Is the number 100k+11 ever a square? Is the number 100k+11 ever a square?
Obviously all such numbers end in 11. Can a square end with an 11?
 A: Let $a^2=100\cdot k+11$. Then easily $a$ must be odd.
So $(2n+1)^2=100\cdot k+11$. It follows $2(n^2+n)=50\cdot k+5$, which is impossible.
A: Let's prove the somewhat more general result that $100k +\bar{ab}$ where $a$ and $b$ are odd digits cannot be a square. Our argument will be based on reductio ad absurdum:
$c^2=100k +10a+b$
$b$ is odd $\Rightarrow c \text{ is odd}$
$$\Rightarrow (2n+1)^2 = 100k+10(2l+1)+(2m+1)\\
\Rightarrow 2(n^2+n)=50k+5(2l+1)+m$$
The left hand side is even, therefor the right hand side should be even as well; this means that m should be odd.
$$\Rightarrow m=2j+1 \\
b<10\Rightarrow j=0\text{ OR }1\\
\Rightarrow n(n+1)=25k+5l+3+j$$
The left hand side can be $0,1,2$ modulo $5$; but the right hand side would be $3 \text { OR }4$ modulo $5$; which is a contradiction. 

To make the last statement more clear; we elaborate as:
$$n(n+1)\mod5=\begin{cases}
0 & n\equiv0\text{ OR 4}\\
1 & n\equiv2\\
2 & n\equiv1\text{ OR 3}
\end{cases}$$
A: Hint: Write $x=100y+z$; then $x^2=100(100y^2+2yz)+z^2$. Can you have $x^2=100k+11$? That is, $z^2\equiv 11\pmod{100}$.
A: A simple solution
$$(10x+y)^2 = 100x^2 + 20 xy + y^2$$
where $x$ is any number, and $0 \le y \le 9$


*

* The first term on right hand side must end in two zeros.

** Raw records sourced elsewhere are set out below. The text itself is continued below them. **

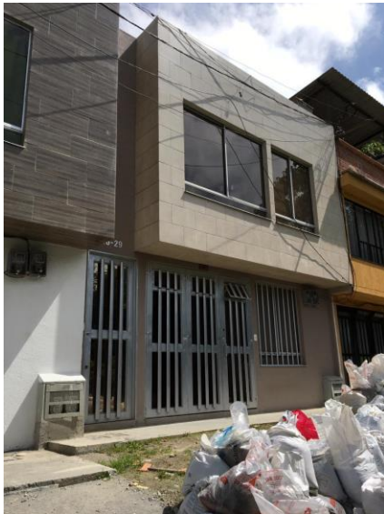
Fotografía No 1. Fachada de la vivienda con dirección Carrera 13 No. 46-29 y materiales de construcción sobre el antejardín.
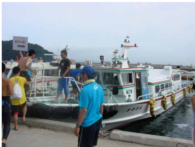
家島から男鹿島への選手移動状況
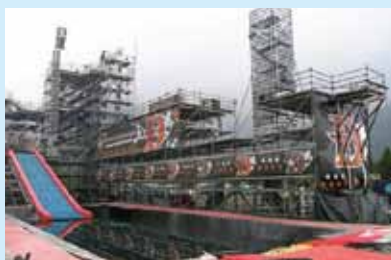
●DOORS 2006 (TB5) 制作/施工
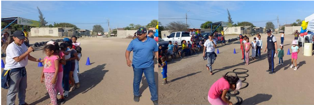
Imagen Nro. 7
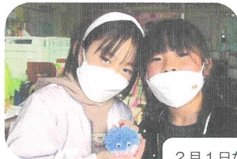
2月1日から3日まで コマ回し大会をひらきました!
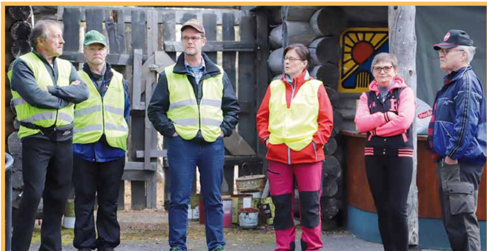
Pudasjärven urheilijoilla ja Pintamon kyläseuralla on järjestysvalvojayhteistyötä. Näin Pintamolta tuli kuusi henkeä auttamaan järjestysvalvojan tehtävissä.
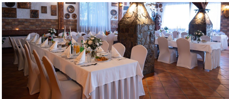
SALA MYŚLIWSKA / 35-75 os.
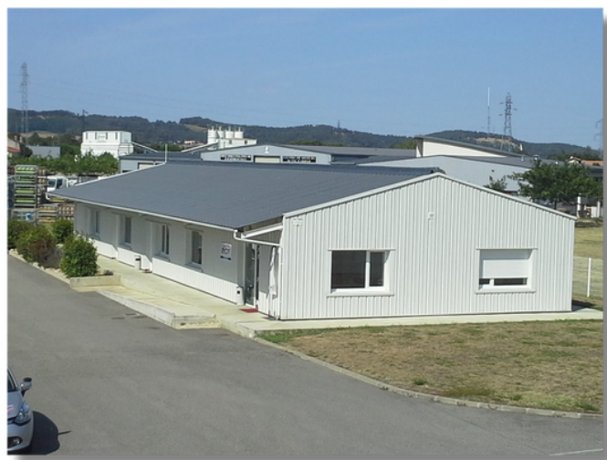
📍 Salle 1 - 2 - 3
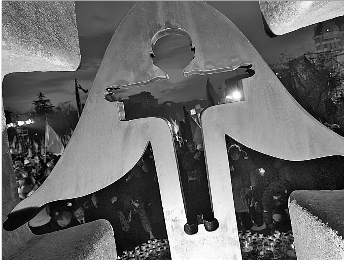
Пам'ятник жертвам голодомору в Києві

Нині в Україні готується "Книга пам'яті українського народу", де буде вміщено списки всіх загиблих і постраждалих від голодомору в УРСР. Згідно з Законом України № 376-V "Про голодомор 1932–1933 років в Україні" та розпорядженням Київського міського голови Леоніда Черновецького від 8 листопада 2007 р. за № 601 "Про стан підготовки заходів у зв'язку з 75-ми роковинами голодомору 1932–1933 років в Україні", у Державному архіві Києва створено робочу групу для виявлення архівних документів про голодомор.
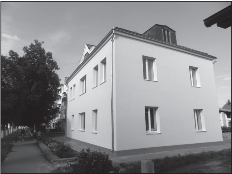
Виконано ремонт фасаду приміщення КП «Архітектор»
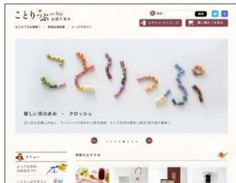
〈ことりっふお取り寄せ〉

これからも『ことりっふ』は皆様の心地よい旅と暮らしを、また地域や企業と女性を結ぶお手伝いをしてまいります。
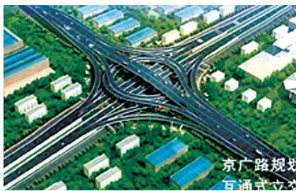
京广路规划二期效果图

为加快我市“环形+井字”快速通道和次干道、支线路网建设,形成功能完善、运行高效的快速路网结构,2014年市政府工作报告关于“畅通郑州”工程的计划中明确提出,今年我市将开建3条快速路。三大快速路工程包括金水路准快速化工程、花园路—紫荆山路准快速化工程及农业路快速路工程。金水路准快速化工程包括经三路—城东路下穿隧道工程、东明路下穿人行通道和未来路下穿隧道工程。项目总投资约10.9亿元,计划工期18个月,春节后进场施工。花园路—紫荆山路准快速化工程主要包括连续下穿黄河路—紫荆山立交—东西大街长隧道工程和东风路下穿花园路隧道工程,均为双向四车道城市准快速路。项目总投资约18.8亿元,预计2014年下半年开工建设。农业路快速路工程,西起西三环,东至中州大道,全长约10.8公里。按照规划,南阳路以东到中州大道为下穿隧道,南阳路以西到西三环为高架桥,设计双向六车道,工程投资概算50亿元,预计2014年下半年进场施工。
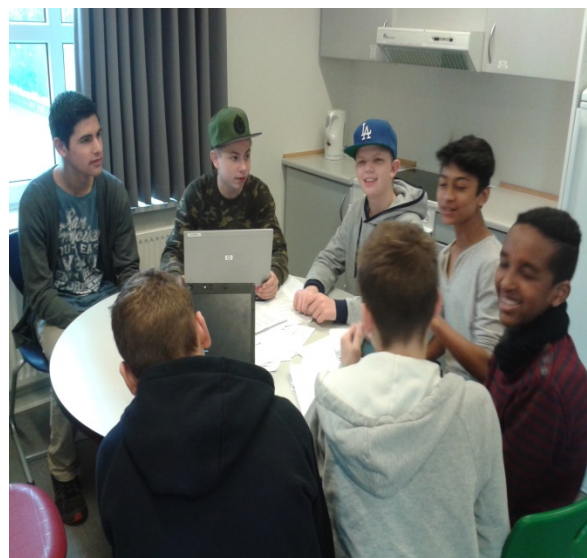
8. klasse på Hadsundvejens Skole og museets medarbejdere fik hurtigt et godt samarbejde. De ungefik nyhedsbreve og fik udleveret mailadresse, som de kunne benytte til spørgsmål og anden hjælp. Ved deres besøg på museet blev de mødt med "voksen-forhold" (mødelokale m. vand, frugt og foldere)
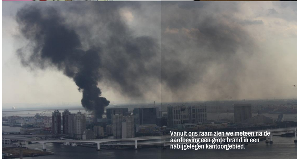
Vanuit ons raam zien we meteen na de aardbeving een grote brand in een nabijgelegen kantoorgebied.
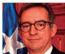
Ministro Arturo Prado Puga

● Asumió como ministro de la Corte Suprema el año 2005. Siendo propuesto por el ex Presidente Ricardo Lagos.
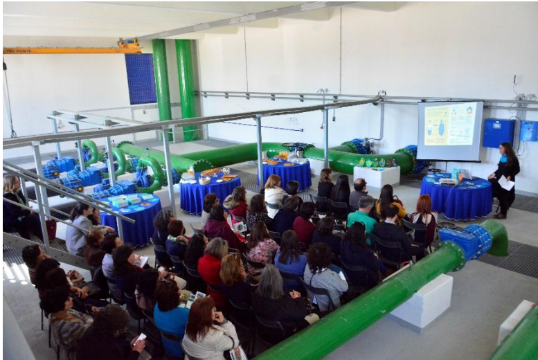
ETA da Mata do Urso
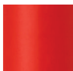
MRE [レッド] 全艶
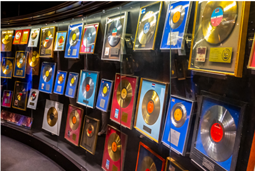
Stockholm - ABBA Múzeum 32 €
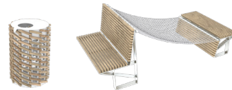
Équipe SI ARCHITECTES CAUE 77
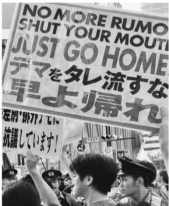
先月25日に銀座で行われたヘイトデモへのカウンター

今回は相模原市の「やまゆり園」の事件から見ると、イトクライムについて考えてみたいと思います。m
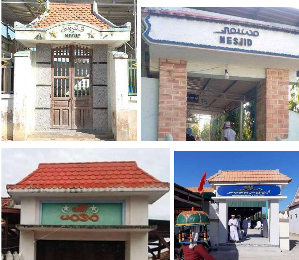
Hình 8. Một số cổng Thánh đường (Mesjid) tại Bình Thắng, Giang Mậu, Văn Lâm. Trên cổng ghi chữ Ả Rập Allah-Muhammad, biểu tượng ngôi sao, trăng liềm, chữ Thrah Chăm, ...
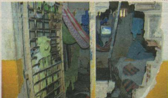
Celas foram arrancadas e paredes derrubadas na unidade
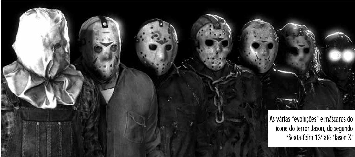
As várias "evoluções" e máscaras do ícone do terror Jason, do segundo 'Sexta-feira 13' até 'Jason X'

* The second term is a multiple of 20 and therefore must end in 00, 20, 40, 60, or 80

* For the square to end in 1 $y$ must be either 1 or 9

* In which case $y^2$ is either 01 or 81

* Thus 4. and 2. imply that the square must end in either 01, 21, 41, 61, or 81
 
A: All numbers of this form are congruent $11 \pmod 4 \equiv 3 \pmod 4 $. Now search one example of the very small list of residueclasses of that form which is also a square...
A: No. Only odd numbers ending with 01, 09, 21, 25, 29, 41, 49, 61, 69, 81, and 89 are squares. I will leave the proof to you.
A: Ends by 11 means, $n² \mod 100 = 11$ which also implies end by one $n² \mod 10 = 1$ 
this is true if and only if $(n \mod 100)^2 \mod 100 = 11$ and $(n \mod 10)² \mod 10 = 1$. 
Ergo you juste have to check squares of 1, 11, 21, 31, 41, 51, 61, 71, 81 and 91 and see none ends with 11.